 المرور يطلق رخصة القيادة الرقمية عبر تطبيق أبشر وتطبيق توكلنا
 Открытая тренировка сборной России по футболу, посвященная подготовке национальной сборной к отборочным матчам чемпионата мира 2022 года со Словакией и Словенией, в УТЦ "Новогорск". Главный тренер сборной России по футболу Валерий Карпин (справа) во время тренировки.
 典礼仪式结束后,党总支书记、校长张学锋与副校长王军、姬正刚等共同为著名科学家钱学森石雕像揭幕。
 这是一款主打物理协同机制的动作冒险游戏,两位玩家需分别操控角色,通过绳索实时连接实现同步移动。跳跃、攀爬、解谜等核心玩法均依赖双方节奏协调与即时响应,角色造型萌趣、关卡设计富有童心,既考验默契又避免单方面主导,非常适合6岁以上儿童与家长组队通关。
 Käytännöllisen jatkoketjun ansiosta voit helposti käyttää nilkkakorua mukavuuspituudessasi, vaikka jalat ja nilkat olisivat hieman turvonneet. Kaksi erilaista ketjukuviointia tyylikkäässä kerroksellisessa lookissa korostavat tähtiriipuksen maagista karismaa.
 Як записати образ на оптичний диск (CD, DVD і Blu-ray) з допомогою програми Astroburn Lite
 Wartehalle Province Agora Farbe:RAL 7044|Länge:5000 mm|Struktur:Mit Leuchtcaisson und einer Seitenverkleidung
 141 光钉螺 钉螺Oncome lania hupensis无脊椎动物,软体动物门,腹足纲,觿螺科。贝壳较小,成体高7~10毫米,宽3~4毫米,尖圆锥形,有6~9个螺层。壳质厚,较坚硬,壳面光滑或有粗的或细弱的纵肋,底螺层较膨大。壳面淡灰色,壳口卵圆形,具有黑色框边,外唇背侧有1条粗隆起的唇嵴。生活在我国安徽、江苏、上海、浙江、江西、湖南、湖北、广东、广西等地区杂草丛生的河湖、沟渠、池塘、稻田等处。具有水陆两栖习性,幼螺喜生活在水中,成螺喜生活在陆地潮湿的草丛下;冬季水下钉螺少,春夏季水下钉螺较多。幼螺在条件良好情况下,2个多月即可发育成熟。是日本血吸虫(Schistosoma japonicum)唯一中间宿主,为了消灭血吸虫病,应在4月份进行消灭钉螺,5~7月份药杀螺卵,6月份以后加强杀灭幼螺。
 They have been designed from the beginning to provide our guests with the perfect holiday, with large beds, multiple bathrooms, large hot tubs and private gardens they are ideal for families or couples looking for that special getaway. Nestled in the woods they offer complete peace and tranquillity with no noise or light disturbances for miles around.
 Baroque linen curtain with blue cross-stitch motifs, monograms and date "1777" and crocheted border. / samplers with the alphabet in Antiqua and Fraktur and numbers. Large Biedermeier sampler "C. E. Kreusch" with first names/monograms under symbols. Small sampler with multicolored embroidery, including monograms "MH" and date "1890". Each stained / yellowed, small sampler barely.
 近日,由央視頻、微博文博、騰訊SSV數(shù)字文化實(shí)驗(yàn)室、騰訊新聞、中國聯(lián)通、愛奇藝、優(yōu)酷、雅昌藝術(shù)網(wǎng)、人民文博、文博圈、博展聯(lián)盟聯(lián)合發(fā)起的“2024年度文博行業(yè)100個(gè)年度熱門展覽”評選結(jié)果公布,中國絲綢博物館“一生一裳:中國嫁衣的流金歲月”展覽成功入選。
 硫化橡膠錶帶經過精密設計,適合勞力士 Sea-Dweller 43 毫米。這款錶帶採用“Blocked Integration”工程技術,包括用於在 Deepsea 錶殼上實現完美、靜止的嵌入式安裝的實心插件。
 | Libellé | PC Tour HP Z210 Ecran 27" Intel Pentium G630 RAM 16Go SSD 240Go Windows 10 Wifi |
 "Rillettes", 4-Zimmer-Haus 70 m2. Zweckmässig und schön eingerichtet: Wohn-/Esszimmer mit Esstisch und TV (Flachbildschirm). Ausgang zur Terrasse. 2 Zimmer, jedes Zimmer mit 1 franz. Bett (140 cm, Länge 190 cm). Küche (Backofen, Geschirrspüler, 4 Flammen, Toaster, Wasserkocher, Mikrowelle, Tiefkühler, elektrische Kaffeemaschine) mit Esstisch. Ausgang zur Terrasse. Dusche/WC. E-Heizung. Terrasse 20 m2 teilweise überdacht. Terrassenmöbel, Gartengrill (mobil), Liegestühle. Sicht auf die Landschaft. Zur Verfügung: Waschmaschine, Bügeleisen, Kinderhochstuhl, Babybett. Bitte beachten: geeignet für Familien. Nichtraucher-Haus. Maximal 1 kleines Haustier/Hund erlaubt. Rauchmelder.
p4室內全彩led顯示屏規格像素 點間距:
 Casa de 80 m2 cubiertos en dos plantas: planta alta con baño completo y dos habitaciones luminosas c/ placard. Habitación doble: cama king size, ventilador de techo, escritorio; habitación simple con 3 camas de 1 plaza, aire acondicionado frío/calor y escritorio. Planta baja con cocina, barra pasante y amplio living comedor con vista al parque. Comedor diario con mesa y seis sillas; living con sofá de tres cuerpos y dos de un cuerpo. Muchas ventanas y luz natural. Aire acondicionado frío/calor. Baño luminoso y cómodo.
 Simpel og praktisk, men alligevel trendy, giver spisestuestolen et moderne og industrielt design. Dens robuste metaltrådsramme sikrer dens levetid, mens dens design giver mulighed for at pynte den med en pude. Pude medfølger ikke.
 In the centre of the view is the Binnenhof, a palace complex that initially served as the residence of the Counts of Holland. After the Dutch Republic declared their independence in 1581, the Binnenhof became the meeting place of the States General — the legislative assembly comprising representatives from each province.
----------------------------------------
### Task goal:
Out of the data above, give again only the lines starting at the one holding "Baroque linen curtain" and ending at the one holding "Casa de 80 m2", unchanged.

### Exercise output:
 Baroque linen curtain with blue cross-stitch motifs, monograms and date "1777" and crocheted border. / samplers with the alphabet in Antiqua and Fraktur and numbers. Large Biedermeier sampler "C. E. Kreusch" with first names/monograms under symbols. Small sampler with multicolored embroidery, including monograms "MH" and date "1890". Each stained / yellowed, small sampler barely.
 近日,由央視頻、微博文博、騰訊SSV數(shù)字文化實(shí)驗(yàn)室、騰訊新聞、中國聯(lián)通、愛奇藝、優(yōu)酷、雅昌藝術(shù)網(wǎng)、人民文博、文博圈、博展聯(lián)盟聯(lián)合發(fā)起的“2024年度文博行業(yè)100個(gè)年度熱門展覽”評選結(jié)果公布,中國絲綢博物館“一生一裳:中國嫁衣的流金歲月”展覽成功入選。
 硫化橡膠錶帶經過精密設計,適合勞力士 Sea-Dweller 43 毫米。這款錶帶採用“Blocked Integration”工程技術,包括用於在 Deepsea 錶殼上實現完美、靜止的嵌入式安裝的實心插件。
 | Libellé | PC Tour HP Z210 Ecran 27" Intel Pentium G630 RAM 16Go SSD 240Go Windows 10 Wifi |
 "Rillettes", 4-Zimmer-Haus 70 m2. Zweckmässig und schön eingerichtet: Wohn-/Esszimmer mit Esstisch und TV (Flachbildschirm). Ausgang zur Terrasse. 2 Zimmer, jedes Zimmer mit 1 franz. Bett (140 cm, Länge 190 cm). Küche (Backofen, Geschirrspüler, 4 Flammen, Toaster, Wasserkocher, Mikrowelle, Tiefkühler, elektrische Kaffeemaschine) mit Esstisch. Ausgang zur Terrasse. Dusche/WC. E-Heizung. Terrasse 20 m2 teilweise überdacht. Terrassenmöbel, Gartengrill (mobil), Liegestühle. Sicht auf die Landschaft. Zur Verfügung: Waschmaschine, Bügeleisen, Kinderhochstuhl, Babybett. Bitte beachten: geeignet für Familien. Nichtraucher-Haus. Maximal 1 kleines Haustier/Hund erlaubt. Rauchmelder.
p4室內全彩led顯示屏規格像素 點間距:
 Casa de 80 m2 cubiertos en dos plantas: planta alta con baño completo y dos habitaciones luminosas c/ placard. Habitación doble: cama king size, ventilador de techo, escritorio; habitación simple con 3 camas de 1 plaza, aire acondicionado frío/calor y escritorio. Planta baja con cocina, barra pasante y amplio living comedor con vista al parque. Comedor diario con mesa y seis sillas; living con sofá de tres cuerpos y dos de un cuerpo. Muchas ventanas y luz natural. Aire acondicionado frío/calor. Baño luminoso y cómodo.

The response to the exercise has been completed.